Besides this, many poets, lyricists and song or hymn writers use apostrophes when they want to reduce the number of syllables in a line or stanza. This practice was more commonplace in the past than it is now. One common contraction was ‘o’er’, short for ‘over’, as we can see in Elizabeth Barrett Browning’s gentle poem, ‘To Autumn’ (I include here just the last two stanzas of the five the poem comprises of):
The dearest hands that clasp our hands, —
Their presence may be o’er;
The dearest voice that meets our ear,
That tone may come no more!
Youth fades; and then, the joys of youth,
Which once refresh’d our mind,
Shall come — as, on those sighing woods,
The chilling autumn wind.
Hear not the wind — view not the woods;
Look out o’er vale and hill-
In spring, the sky encircled them —
The sky is round them still.
Come autumn’s scathe — come winter’s cold —
Come change — and human fate!
Whatever prospect Heaven doth bound,
Can ne’er be desolate.
– Elizabeth Barrett Browning, ‘To Autumn’ (c. 1838)

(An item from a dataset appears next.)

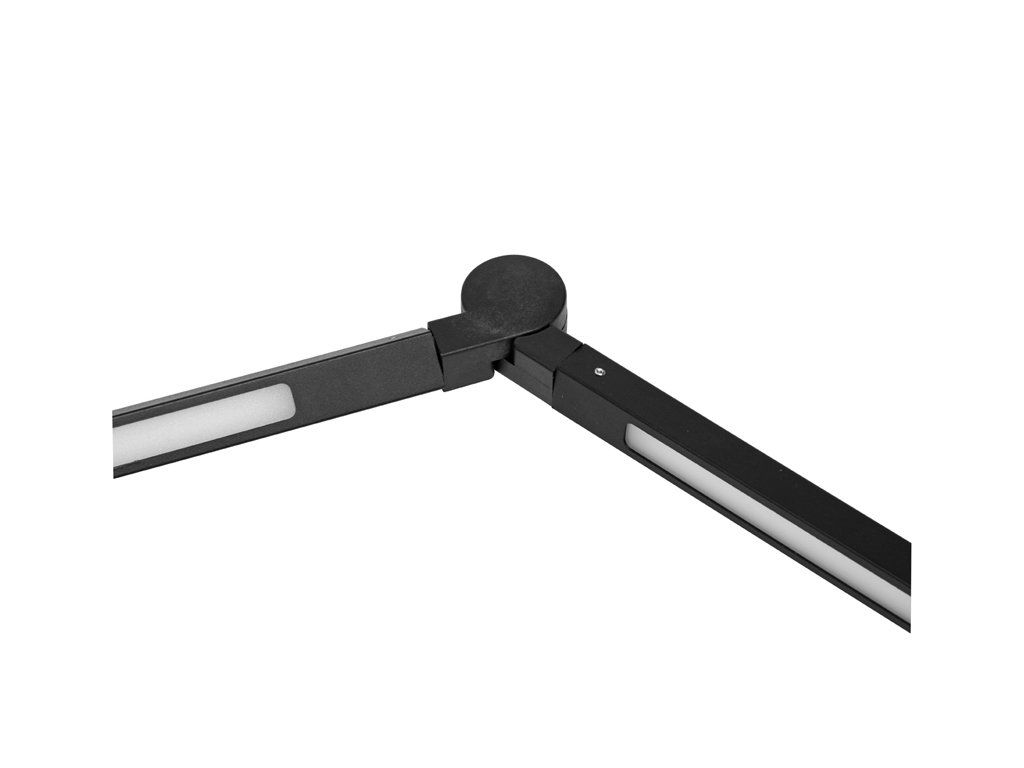 Konštrukcia lampy je navrhnutá s dôrazom na maximálnu flexibilitu. Tri otočné kĺby umožňujú nastavenie v rôznych uhloch a smeroch, takže svetlo nasmerujete presne tam, kde je potrebné. Vďaka otočným segmentom a podlhovastej svietiacej časti je osvetlenie rovnomerné a dobre pokrýva pracovnú plochu bez nežiaducich tieňov.

In these two stanzas you can see the use of apostrophes in several of the ways mentioned above. Firstly, we see the apostrophe being used to show that the letter ‘v’ is missing from ‘o’er’. But we also see Barrett Browning using the possessive apostrophe when she writes of ‘autumn’s scathe’ or ‘winter’s cold’. She then concludes the poem with another ‘missing letter apostrophe’ in ‘ne’er’ – short for ‘never’ – so that her final line ends with six syllables, as her other stanzas did.
Hopefully this brings more clarity on the great value of one of the smallest punctuation marks in the English language.